The three-day SFI working group in August brought together experts in Maya archaeoastronomy to pursue questions central to both to astronomy and complex civilizations.
“With the rapid increase in archaeological knowledge about early Maya cities, their architecture and urban forms, new information from hieroglyphic decipherment, and recent advances in understanding ancient Maya iconography, the opportunity for new insights into the role of astronomy in the development of ancient Maya civilization could not be better,” says SFI President Jerry Sabloff, who participated in the meeting.
“This working group brought people in the field [of Mayan archaeology] together with accomplished archaeoastronomers,” says Maya iconographer and Washington University professor David Freidel, who organized the event. Participants exchanged data and met at SFI to discuss the significance of celestial worship in emerging, pre-classic Mayan cities.
The ancient Maya developed a complex society in the Central American rainforests starting around 800 BC. They flourished there until about AD 900 (although Maya civilization continued in neighboring regions until the 16th century Spanish Conquest).

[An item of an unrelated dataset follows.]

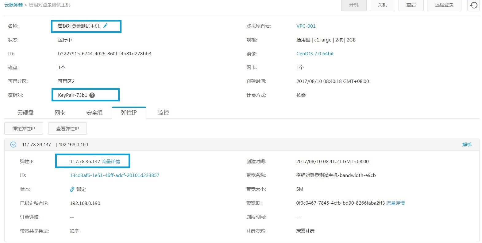 4) 检测创建好的弹性云主机的配置,如弹性IP地址、密钥对和安全组设置等。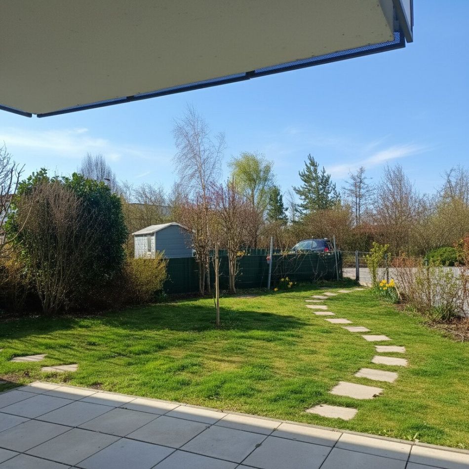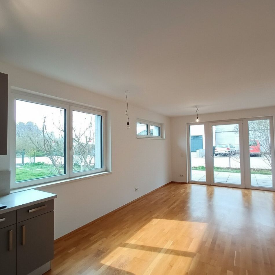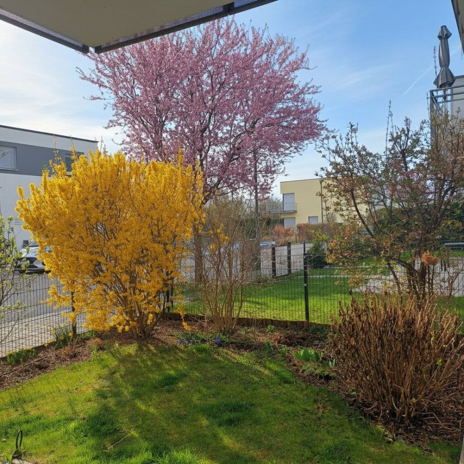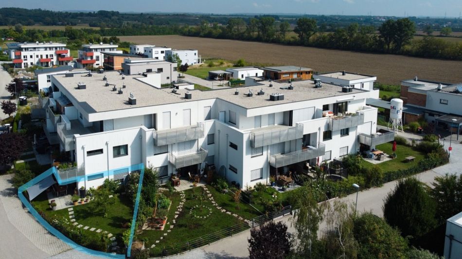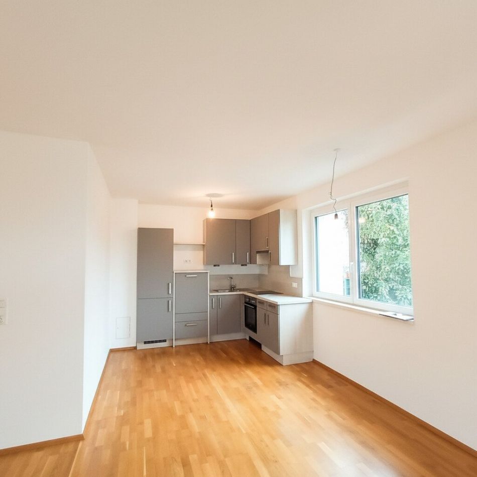 Die schöne 2-Zimmerwohnung im Erdgeschoss betritt man durch den gepflegten Eingangsbereich, welcher ausreichend Platz für eine Garderobe sowie den zentralen Zugang zu allen Räumlichkeiten der Wohnung bietet. Unmittelbar rechts vom Eingangsbereich befindet sich das Badezimmer mit großer, verglaster Dusche und WC. Beide Nassräume sind durchgehend mit modernen Fliesen ausgestattet. Ein Abstellraum schafft Stauraum für nützliche Alltagsgegenstände. Das Schlafzimmer bietet genügend Platz für ein großes Bett und einen Wandschrank.. Der Wohn- Essbereich ist mit einer Einbauküche sowie modernen Gerätschaften ausgestattet. Durch dieses gelangt man nach draußen auf die Terrasse und in den Garten. Die großen Fenster sorgen für viel Licht im Wohnraum, der helle Parkett lässt den Raum offen und freundlich wirken. Die sonnige, idyllische Terrasse gewährt mitsamt einer Gartenfläche von 178,41m² Ruhe und Erholung und hat eine angenehme Größe für einen geselligen Abend mit Freunden und Familie. Eine Fußbodenheizung sorgt auch an kalten Winterabenden für warme Füße.

The sun was a major part of their cosmology, and the Mayans erected solar observatories that were central to both religious and political activities.
The SFI working group’s discussion focused on the origins of Maya solar cosmology, and on the architectural structures and early calendars used to tie religious ceremonies to civic gatherings.
With more than half of the world’s population now living in cities, says Freidel, it is more important than ever to understand the religion, politics, and economics of ancient urbanites.
“The Maya built and sustained an urban civilization in a rainforest environment for more than 2,000 years,” he says. “We modern civilizations have managed to almost completely destroy that rainforest in less than 50 years. We have a lot to learn from what the Maya did right.”